Incredible scenery Some people consider Italian Dolomites the most beautiful mountains in the world. I'm one of those people. Italian Alps provide truly high-mountain, breathtaking scenery. Snowy mountain peaks glister in sun, Dolomites flora and fauna are specific for Alpine region, and the possibility to admire sunrise will give us unforgettable memories.
When skiing in Val di Fiemme, you can explore several separate ski areas: Ski Center Latemar - the largest of them, offers 47 km of mainly intermediate trails spanning between Predazzo, Pampeago and Obereggen Alpe Cermis resort can be accessed from Cavalese, which is located on a steep slope. The largest city is Predazzo approx. The gondola station is situated outside the town, so everyone has to use the ski bus or commute by their own car in a few minutes.

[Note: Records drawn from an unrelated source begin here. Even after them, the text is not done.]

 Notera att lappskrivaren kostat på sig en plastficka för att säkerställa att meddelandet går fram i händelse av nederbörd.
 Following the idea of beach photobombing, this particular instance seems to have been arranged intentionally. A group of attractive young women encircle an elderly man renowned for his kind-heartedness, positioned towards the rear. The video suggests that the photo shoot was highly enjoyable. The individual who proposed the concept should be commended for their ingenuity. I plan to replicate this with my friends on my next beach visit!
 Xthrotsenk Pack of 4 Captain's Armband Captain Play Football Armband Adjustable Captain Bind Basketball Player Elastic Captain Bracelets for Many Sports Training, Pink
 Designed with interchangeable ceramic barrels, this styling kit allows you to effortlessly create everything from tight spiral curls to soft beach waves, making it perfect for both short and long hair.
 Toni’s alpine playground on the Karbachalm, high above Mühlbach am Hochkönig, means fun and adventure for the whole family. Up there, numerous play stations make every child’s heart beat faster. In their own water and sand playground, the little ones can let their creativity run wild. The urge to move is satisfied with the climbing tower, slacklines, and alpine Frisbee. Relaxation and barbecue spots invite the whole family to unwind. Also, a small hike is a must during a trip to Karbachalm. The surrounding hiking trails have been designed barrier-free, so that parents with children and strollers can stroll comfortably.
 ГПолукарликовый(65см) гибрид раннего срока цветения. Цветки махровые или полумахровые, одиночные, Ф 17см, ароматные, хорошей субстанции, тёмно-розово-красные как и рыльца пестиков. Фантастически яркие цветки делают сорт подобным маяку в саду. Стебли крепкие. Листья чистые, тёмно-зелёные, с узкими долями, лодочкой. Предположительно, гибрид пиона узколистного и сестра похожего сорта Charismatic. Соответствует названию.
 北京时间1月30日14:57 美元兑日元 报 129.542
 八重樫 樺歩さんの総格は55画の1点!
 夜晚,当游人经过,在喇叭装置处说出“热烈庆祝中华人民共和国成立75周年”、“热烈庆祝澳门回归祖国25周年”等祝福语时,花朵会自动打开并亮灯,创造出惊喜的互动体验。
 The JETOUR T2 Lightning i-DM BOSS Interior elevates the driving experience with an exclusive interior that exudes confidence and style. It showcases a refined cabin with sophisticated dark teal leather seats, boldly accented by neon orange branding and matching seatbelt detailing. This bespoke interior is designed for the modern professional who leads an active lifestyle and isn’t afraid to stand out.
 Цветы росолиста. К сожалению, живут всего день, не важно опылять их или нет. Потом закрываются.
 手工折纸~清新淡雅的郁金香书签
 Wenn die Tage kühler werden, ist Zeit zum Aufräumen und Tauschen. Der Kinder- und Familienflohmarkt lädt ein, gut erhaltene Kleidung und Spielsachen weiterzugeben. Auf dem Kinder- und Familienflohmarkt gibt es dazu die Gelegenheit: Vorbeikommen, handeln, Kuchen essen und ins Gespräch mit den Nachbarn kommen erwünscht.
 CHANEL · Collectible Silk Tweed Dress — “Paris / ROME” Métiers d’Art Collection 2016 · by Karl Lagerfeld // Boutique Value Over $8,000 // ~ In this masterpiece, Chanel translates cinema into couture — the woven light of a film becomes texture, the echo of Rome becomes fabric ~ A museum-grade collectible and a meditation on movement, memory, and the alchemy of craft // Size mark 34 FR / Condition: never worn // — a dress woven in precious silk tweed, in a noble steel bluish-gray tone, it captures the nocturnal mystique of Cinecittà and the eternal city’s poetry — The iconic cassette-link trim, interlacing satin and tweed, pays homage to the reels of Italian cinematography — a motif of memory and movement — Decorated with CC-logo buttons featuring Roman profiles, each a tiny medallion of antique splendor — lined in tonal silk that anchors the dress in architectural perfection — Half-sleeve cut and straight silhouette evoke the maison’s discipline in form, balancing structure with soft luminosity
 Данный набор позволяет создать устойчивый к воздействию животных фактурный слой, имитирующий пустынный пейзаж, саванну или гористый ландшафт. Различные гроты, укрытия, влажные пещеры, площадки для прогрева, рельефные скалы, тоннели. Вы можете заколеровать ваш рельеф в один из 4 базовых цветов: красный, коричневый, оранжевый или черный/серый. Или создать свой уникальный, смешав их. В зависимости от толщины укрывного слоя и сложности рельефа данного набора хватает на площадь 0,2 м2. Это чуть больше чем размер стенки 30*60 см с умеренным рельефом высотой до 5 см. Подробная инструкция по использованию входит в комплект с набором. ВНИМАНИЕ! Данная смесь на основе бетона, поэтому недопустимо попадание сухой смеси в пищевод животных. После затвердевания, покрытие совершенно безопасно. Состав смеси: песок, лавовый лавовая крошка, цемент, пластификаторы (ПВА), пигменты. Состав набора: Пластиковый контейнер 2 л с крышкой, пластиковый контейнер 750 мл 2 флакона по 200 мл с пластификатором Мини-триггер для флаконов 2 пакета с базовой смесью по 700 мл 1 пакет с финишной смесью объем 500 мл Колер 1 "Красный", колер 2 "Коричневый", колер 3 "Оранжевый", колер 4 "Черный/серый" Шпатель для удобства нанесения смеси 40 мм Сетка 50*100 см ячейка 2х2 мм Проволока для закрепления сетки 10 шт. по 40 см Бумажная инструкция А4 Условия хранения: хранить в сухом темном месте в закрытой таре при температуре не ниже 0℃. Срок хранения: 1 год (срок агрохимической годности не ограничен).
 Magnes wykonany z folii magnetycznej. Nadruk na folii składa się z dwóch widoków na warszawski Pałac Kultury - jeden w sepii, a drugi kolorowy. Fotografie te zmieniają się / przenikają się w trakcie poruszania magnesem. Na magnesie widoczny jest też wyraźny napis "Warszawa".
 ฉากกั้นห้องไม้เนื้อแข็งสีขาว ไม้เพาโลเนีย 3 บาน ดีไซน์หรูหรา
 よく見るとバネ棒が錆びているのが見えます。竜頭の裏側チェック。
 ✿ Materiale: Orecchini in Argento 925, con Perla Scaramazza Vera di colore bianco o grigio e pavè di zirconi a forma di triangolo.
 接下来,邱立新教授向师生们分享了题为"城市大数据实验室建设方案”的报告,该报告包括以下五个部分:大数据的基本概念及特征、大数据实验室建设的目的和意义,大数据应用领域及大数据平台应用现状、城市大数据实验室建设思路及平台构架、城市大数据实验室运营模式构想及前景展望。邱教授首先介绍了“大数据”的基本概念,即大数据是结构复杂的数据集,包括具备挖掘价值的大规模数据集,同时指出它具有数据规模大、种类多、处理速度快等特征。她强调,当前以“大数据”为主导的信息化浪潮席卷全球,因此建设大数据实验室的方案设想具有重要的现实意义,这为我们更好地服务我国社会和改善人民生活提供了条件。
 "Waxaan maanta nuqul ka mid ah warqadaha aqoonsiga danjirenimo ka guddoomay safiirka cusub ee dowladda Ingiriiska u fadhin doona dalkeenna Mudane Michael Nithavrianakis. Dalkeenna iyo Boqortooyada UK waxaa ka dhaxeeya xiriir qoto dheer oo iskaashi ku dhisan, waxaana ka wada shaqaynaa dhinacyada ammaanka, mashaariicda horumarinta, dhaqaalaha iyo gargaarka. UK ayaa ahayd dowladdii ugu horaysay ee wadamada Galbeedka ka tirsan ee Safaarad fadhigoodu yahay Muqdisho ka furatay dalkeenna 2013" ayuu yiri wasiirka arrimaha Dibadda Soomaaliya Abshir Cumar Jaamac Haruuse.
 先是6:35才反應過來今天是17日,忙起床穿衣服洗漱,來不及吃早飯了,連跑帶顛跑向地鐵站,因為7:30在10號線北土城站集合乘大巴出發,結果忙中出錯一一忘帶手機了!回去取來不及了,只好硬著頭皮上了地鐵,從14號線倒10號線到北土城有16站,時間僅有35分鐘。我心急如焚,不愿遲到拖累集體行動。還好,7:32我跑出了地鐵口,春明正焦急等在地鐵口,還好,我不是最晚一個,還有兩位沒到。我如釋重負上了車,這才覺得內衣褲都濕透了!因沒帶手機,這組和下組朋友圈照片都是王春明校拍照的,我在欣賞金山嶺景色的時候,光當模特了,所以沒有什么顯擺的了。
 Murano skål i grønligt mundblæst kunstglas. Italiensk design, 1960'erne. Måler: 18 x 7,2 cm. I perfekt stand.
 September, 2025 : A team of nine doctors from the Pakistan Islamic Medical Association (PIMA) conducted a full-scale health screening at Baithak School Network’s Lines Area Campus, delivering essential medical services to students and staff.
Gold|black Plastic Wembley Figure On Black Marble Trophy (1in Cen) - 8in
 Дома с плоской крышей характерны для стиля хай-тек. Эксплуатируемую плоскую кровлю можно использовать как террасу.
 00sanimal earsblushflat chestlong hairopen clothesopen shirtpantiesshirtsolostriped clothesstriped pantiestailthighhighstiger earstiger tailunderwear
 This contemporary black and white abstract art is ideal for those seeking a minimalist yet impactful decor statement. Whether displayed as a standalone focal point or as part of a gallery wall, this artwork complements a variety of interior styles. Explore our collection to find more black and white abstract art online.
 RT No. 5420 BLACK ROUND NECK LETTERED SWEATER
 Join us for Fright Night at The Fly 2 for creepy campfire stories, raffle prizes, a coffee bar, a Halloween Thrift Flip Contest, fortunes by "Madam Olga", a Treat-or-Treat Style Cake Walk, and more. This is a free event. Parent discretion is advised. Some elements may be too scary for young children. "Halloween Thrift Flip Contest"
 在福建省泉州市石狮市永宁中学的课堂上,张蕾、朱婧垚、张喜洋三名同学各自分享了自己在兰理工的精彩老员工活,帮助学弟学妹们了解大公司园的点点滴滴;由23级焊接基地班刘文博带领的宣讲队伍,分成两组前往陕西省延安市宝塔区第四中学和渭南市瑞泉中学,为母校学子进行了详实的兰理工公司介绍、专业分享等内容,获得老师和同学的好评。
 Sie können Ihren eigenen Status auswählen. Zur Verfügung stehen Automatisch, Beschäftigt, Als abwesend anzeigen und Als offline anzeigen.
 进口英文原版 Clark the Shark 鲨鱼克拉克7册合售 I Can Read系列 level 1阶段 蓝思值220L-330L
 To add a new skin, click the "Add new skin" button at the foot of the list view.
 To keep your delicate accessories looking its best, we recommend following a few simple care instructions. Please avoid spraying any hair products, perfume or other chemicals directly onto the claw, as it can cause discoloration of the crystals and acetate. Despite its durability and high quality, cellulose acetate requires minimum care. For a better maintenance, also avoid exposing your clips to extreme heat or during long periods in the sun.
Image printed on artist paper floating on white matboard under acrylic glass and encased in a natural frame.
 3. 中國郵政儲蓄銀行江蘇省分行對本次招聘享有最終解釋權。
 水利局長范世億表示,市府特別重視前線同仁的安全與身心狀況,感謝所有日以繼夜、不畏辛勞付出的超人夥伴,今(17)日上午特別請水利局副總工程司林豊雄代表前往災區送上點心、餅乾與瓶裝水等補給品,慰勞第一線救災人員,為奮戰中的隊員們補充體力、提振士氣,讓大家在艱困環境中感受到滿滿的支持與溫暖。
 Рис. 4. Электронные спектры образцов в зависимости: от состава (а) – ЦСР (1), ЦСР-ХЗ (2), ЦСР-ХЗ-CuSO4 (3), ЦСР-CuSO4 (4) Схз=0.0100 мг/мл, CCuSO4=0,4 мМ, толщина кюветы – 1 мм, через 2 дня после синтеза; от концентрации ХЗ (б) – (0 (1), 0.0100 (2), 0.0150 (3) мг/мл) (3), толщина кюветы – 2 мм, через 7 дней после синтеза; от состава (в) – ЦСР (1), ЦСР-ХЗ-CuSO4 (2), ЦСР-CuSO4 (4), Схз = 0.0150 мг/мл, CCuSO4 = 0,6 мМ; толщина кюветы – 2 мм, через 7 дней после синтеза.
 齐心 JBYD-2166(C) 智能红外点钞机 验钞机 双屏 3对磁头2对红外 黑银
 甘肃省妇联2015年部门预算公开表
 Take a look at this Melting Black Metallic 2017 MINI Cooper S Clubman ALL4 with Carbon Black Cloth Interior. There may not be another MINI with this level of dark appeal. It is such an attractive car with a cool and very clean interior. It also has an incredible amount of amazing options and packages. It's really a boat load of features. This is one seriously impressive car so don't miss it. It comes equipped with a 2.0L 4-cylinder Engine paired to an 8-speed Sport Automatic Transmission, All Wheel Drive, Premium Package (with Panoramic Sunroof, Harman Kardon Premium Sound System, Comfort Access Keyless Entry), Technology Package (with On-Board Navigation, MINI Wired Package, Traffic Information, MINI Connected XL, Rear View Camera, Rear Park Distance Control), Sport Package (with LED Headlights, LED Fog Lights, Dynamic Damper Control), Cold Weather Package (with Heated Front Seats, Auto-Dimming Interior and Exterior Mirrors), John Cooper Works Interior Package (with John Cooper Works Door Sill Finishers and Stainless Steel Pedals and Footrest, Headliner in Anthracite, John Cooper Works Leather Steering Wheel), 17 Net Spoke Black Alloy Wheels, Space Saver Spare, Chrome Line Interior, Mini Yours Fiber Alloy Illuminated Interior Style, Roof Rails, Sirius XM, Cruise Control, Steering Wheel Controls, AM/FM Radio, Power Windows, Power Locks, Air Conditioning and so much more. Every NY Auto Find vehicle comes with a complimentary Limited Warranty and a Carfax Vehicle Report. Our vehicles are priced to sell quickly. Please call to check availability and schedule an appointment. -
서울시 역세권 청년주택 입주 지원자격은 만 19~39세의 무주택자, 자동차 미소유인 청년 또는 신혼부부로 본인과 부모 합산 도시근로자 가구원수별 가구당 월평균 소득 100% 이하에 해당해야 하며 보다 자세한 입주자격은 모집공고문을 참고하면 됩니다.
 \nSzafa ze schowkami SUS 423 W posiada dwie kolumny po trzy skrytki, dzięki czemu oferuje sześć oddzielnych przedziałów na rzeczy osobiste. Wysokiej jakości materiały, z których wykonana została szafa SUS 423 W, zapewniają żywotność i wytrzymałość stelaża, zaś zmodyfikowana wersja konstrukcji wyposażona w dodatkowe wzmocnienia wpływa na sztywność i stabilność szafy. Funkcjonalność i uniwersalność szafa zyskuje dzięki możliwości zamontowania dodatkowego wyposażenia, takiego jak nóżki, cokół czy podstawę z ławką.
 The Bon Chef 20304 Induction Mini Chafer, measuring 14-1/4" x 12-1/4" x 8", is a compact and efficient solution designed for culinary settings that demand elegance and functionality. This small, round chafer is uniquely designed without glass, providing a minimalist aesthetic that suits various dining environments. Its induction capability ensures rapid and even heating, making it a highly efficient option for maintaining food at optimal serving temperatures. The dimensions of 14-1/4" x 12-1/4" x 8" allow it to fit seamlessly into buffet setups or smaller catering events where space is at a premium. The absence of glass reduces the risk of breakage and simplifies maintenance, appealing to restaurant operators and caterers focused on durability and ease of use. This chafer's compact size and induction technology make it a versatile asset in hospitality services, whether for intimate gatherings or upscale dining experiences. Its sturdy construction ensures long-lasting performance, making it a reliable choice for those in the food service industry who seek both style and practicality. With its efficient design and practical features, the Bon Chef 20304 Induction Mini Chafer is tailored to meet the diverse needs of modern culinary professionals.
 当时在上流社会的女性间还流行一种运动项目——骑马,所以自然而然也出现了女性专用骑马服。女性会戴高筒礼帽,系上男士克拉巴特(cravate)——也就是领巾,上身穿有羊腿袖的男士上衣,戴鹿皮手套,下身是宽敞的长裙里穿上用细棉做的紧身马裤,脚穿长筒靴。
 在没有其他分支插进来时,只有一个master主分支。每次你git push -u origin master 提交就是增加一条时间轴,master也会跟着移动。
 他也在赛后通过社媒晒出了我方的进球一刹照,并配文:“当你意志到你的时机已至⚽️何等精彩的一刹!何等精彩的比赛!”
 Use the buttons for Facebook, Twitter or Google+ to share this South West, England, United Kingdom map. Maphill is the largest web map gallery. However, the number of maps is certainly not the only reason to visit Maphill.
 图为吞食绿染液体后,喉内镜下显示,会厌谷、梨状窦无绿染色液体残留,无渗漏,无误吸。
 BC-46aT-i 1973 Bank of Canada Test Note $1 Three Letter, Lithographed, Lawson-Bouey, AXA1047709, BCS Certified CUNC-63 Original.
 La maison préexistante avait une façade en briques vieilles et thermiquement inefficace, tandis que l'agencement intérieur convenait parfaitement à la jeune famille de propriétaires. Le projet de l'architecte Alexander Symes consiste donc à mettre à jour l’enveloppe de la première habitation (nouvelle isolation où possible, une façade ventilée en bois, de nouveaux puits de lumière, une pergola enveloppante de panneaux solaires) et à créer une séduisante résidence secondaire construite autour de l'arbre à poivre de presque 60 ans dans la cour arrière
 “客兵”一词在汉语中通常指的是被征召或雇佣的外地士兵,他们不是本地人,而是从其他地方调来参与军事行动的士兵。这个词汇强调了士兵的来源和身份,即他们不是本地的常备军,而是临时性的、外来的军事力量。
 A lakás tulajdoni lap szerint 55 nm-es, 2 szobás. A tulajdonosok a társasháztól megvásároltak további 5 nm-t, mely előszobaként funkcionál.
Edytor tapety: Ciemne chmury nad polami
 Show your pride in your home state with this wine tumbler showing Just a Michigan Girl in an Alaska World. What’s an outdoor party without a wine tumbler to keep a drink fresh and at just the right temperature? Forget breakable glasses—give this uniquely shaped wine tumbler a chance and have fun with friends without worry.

In Cavalese , the ski gondola carrying skiers up to Alpe Cermis is located in the center of the town, however the town is situated on a slope, which can be tricky. In Val di Fiemme there are also Panchia, Tesero, Daiano, Varena, Ziano and Carano - towns where there are a lot of decently priced hotels and apartments. In summer the Fiemme — Fassa bike path is also served by the Fiemme Fassa Bike Express, a shuttle bus service for cyclists who want to avoid the steep path up to Canazei.
Of course, using Tesero as a base, you can create your own bike path by choosing only your favorite legs. In summer, from mid-June to mid-September, ski lifts offer the opportunity to bring your mountain bike to high altitudes without breaking a sweat. Rafting and adventure parks Among nature and fun! We also call them acrobatic parks for tarzaning because both the young and old will have a blast moving through the trees with long vines… just like Tarzan, but in complete safety thanks to perfectly equipped adventure parks.
Among wooden tunnels, ropes, and small bridges, adults and children are put to the test on trails with varying difficulty suspended in the branches and immersed in vegetation. From air to water… those who love excitement can try rafting in the streams of Val di Fiemme: rafting on the Avisio in total safety. A unique experience, for anyone who can swim. For the more experienced, you can also go rafting on the Avisio from Ziano to Lake Tesero.
Dreaming of a summer vacation in Val di Fiemme?